● **How to complete this task**
Write out, word for word and with no pictures, each line below from the one containing "Vėlyva raudona pilnavidurė" through the one containing "Olej z Lnianki 500ml", both included, and no other line.
[Start of Attachment]
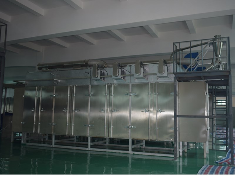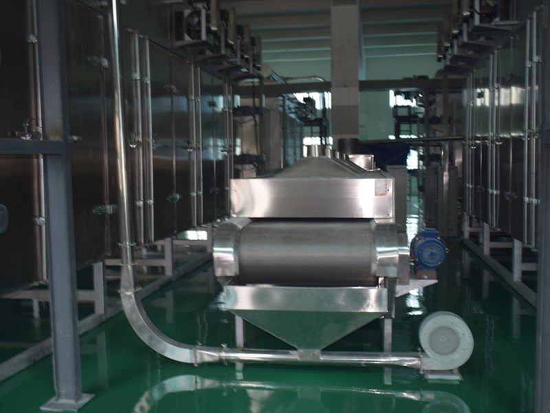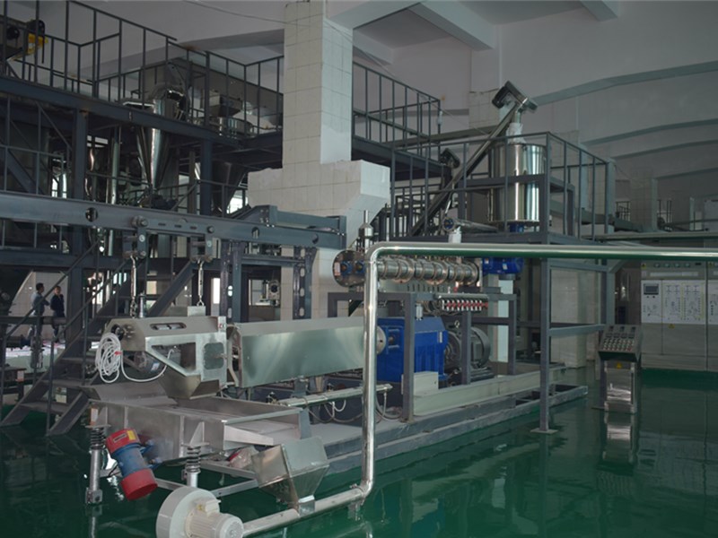 拌粉機(jī)→螺旋提料機(jī)→膨化主機(jī)→振動(dòng)篩→風(fēng)送機(jī)→壓片機(jī)→風(fēng)送機(jī)→冷卻攤料機(jī)→五層烘箱→提升機(jī)→震動(dòng)攤料機(jī)→高溫烘干機(jī)→提升機(jī)→單滾筒噴涂線→烘箱→冷卻輸送機(jī)
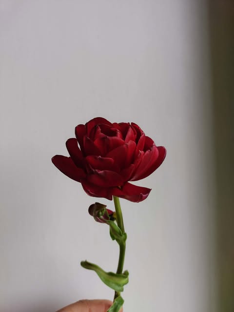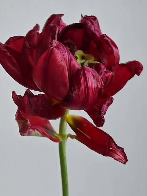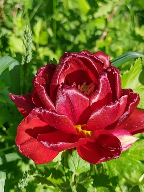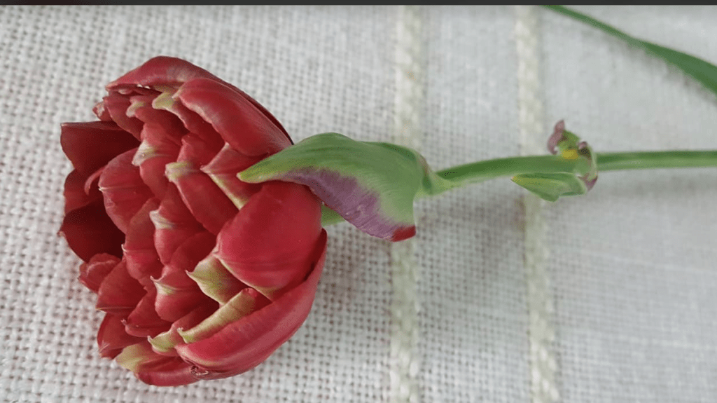 Vėlyva raudona pilnavidurė tulpė. Neaukšta. Labai kvapni. Ant žiedynstiebio arčiau žiedo yra mažas lapelis (prielapis).
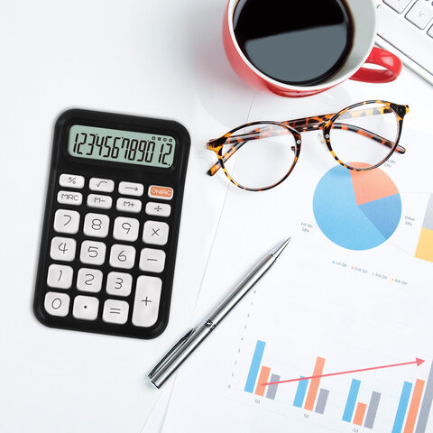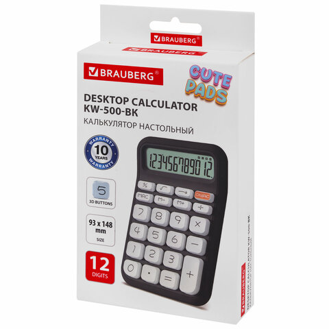 Калькулятор настольный BRAUBERG KW-500-BK (93x148 мм), 3D-кнопки, 12 разрядов, черный, 272954
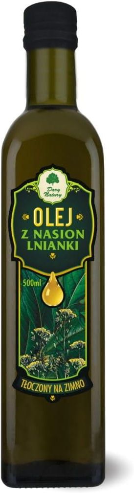 Olej z Lnianki 500ml - Dary Natury Opis produktu Olej z Lnianki marki Dary Natury tłoczony na zimno, nierafinowany i niefiltrowany. Lnianka jest jednym z najstarszych roślin wykorzystywanych do tłoczenia oleju. Smak tego oleju świetnie harmonizuje z sałatkami, surówkami, ziemniakami, kaszami, …
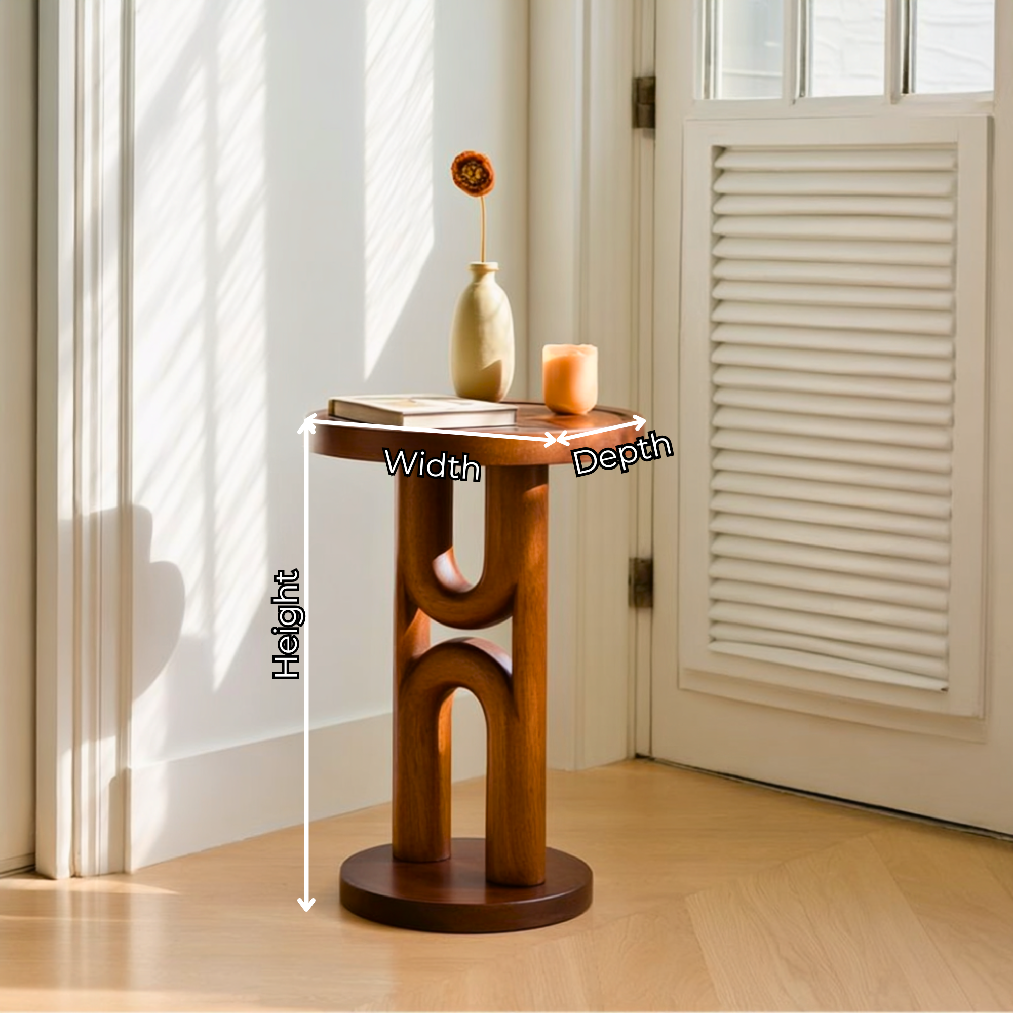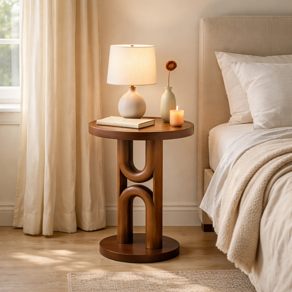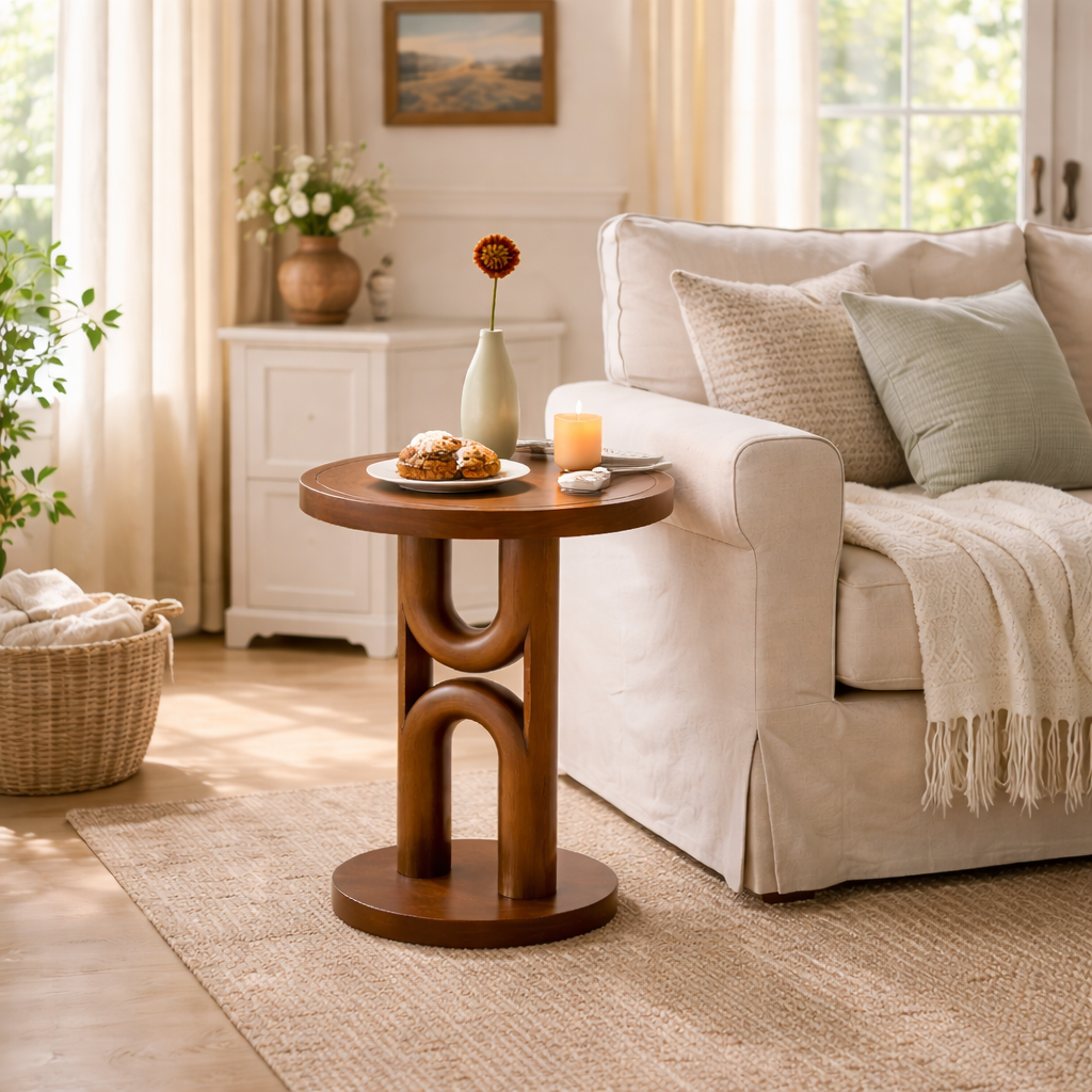 Tall Arch Solid Wood Side Table for Living Room Decor
[End of Attachment]
● **Result of the exercise**
 Vėlyva raudona pilnavidurė tulpė. Neaukšta. Labai kvapni. Ant žiedynstiebio arčiau žiedo yra mažas lapelis (prielapis).
 Калькулятор настольный BRAUBERG KW-500-BK (93x148 мм), 3D-кнопки, 12 разрядов, черный, 272954
 Olej z Lnianki 500ml - Dary Natury Opis produktu Olej z Lnianki marki Dary Natury tłoczony na zimno, nierafinowany i niefiltrowany. Lnianka jest jednym z najstarszych roślin wykorzystywanych do tłoczenia oleju. Smak tego oleju świetnie harmonizuje z sałatkami, surówkami, ziemniakami, kaszami, …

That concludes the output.